§ GOAL OF THE EXERCISE
After locating the line with "伊勢形紙は、柄や文様を着物の" in the data that follows, return it and every later line exactly, up to and including the line with "다 드시고 추가로는 셀프바에서 드실 만큼만 떠서 드시면 됩니다.".

§ INPUT
________________________

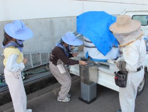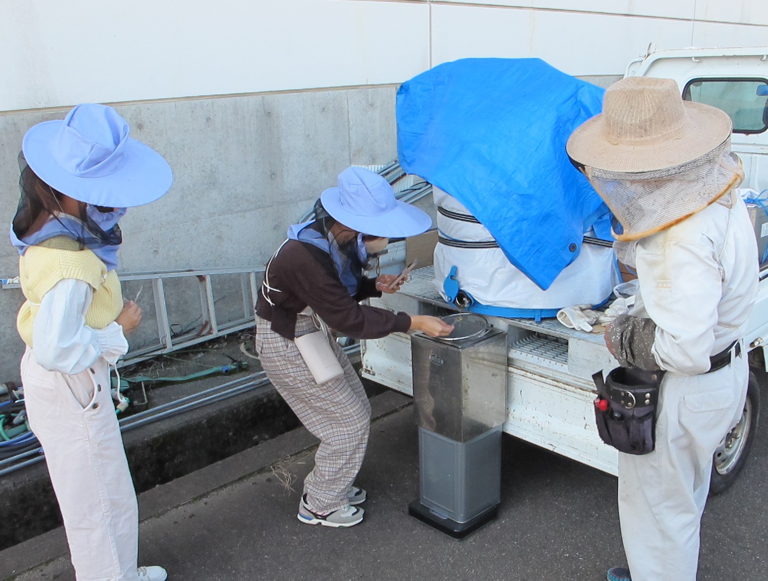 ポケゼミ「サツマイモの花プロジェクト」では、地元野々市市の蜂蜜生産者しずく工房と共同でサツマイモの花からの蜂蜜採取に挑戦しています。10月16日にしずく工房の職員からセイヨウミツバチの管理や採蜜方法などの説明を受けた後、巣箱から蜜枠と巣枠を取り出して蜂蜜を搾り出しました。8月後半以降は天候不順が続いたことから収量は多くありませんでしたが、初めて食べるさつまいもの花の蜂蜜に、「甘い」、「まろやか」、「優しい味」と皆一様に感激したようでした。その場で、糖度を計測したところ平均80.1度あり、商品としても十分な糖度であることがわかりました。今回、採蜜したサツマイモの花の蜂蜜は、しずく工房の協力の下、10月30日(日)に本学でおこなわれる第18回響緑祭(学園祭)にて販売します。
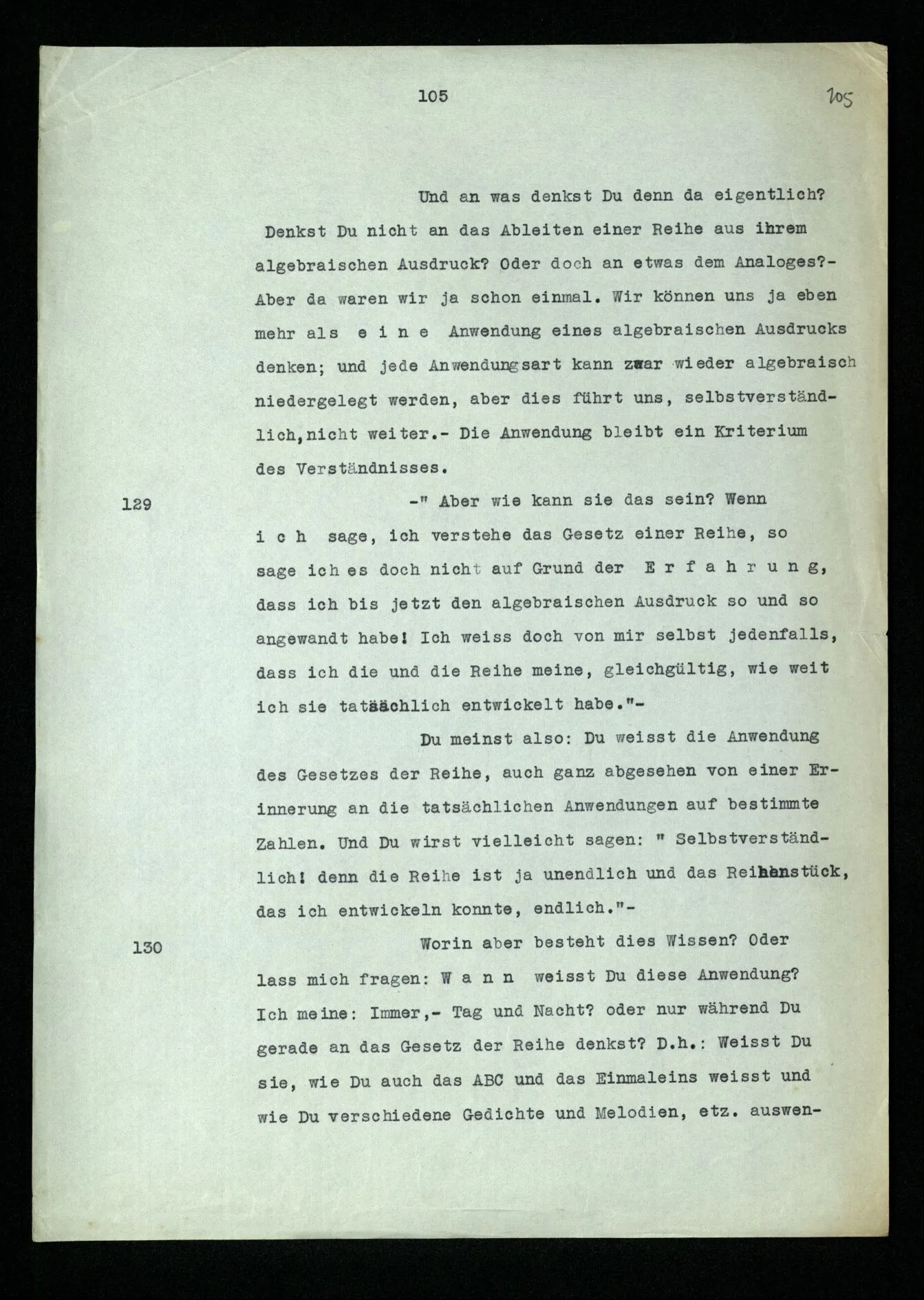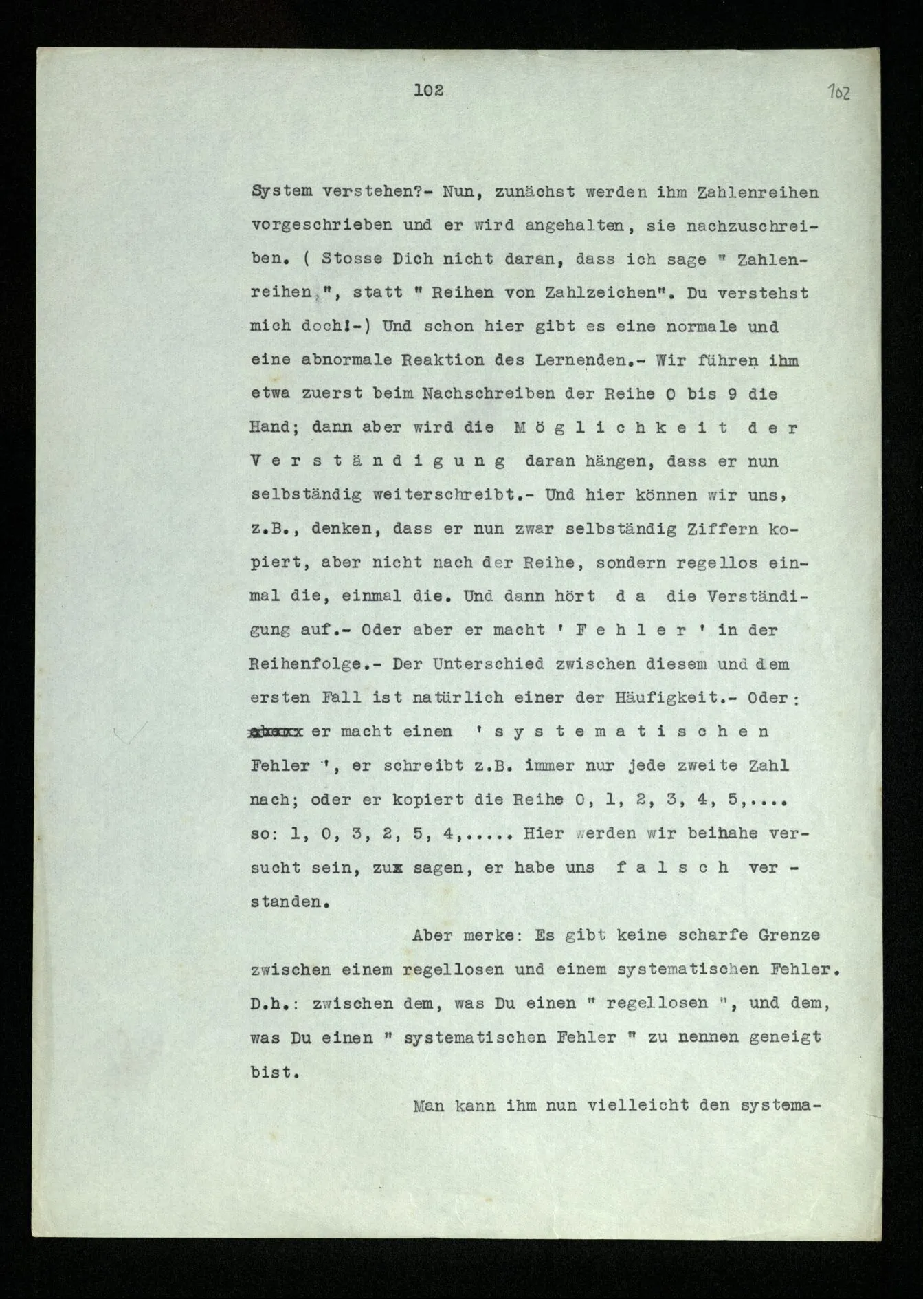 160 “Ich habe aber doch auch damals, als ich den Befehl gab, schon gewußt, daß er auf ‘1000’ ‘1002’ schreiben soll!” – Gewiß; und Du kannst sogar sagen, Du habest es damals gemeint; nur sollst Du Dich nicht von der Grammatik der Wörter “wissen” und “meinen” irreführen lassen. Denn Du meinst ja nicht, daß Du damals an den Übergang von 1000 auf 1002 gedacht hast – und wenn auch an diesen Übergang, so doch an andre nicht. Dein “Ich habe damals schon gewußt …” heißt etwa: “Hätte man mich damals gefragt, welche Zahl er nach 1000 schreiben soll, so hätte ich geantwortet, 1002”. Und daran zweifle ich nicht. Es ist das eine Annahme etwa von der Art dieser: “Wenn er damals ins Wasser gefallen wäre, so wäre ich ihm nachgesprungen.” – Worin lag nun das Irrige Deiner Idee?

________________________

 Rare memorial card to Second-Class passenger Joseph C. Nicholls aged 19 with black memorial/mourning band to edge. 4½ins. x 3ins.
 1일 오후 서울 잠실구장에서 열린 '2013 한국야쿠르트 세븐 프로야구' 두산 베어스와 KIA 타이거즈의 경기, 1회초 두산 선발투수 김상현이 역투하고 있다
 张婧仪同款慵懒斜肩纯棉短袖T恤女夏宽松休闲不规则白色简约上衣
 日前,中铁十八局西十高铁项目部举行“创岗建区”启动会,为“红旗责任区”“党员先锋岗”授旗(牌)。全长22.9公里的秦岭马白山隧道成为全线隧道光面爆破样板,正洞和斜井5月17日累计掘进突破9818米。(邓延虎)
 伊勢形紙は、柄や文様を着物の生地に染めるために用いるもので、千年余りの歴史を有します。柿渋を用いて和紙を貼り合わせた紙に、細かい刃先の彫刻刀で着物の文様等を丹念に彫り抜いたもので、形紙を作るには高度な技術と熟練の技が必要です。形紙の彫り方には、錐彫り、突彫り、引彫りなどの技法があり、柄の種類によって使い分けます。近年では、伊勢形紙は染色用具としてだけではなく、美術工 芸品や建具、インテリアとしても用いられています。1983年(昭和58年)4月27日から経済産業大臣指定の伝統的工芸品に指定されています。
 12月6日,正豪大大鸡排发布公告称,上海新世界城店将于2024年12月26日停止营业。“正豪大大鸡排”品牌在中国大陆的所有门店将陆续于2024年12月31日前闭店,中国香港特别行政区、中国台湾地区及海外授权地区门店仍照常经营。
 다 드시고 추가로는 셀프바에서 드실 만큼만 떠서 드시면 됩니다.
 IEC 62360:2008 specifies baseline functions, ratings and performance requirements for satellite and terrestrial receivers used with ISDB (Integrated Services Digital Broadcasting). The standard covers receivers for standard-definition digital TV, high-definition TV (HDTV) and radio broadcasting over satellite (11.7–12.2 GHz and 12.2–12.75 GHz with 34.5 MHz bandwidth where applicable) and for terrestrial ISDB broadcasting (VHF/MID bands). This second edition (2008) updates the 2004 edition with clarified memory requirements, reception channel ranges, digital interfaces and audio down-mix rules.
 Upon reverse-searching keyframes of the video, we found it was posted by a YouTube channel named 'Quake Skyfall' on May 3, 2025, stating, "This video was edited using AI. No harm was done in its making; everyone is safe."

________________________

§ TASK SOLUTION
 伊勢形紙は、柄や文様を着物の生地に染めるために用いるもので、千年余りの歴史を有します。柿渋を用いて和紙を貼り合わせた紙に、細かい刃先の彫刻刀で着物の文様等を丹念に彫り抜いたもので、形紙を作るには高度な技術と熟練の技が必要です。形紙の彫り方には、錐彫り、突彫り、引彫りなどの技法があり、柄の種類によって使い分けます。近年では、伊勢形紙は染色用具としてだけではなく、美術工 芸品や建具、インテリアとしても用いられています。1983年(昭和58年)4月27日から経済産業大臣指定の伝統的工芸品に指定されています。
 12月6日,正豪大大鸡排发布公告称,上海新世界城店将于2024年12月26日停止营业。“正豪大大鸡排”品牌在中国大陆的所有门店将陆续于2024年12月31日前闭店,中国香港特别行政区、中国台湾地区及海外授权地区门店仍照常经营。
 다 드시고 추가로는 셀프바에서 드실 만큼만 떠서 드시면 됩니다.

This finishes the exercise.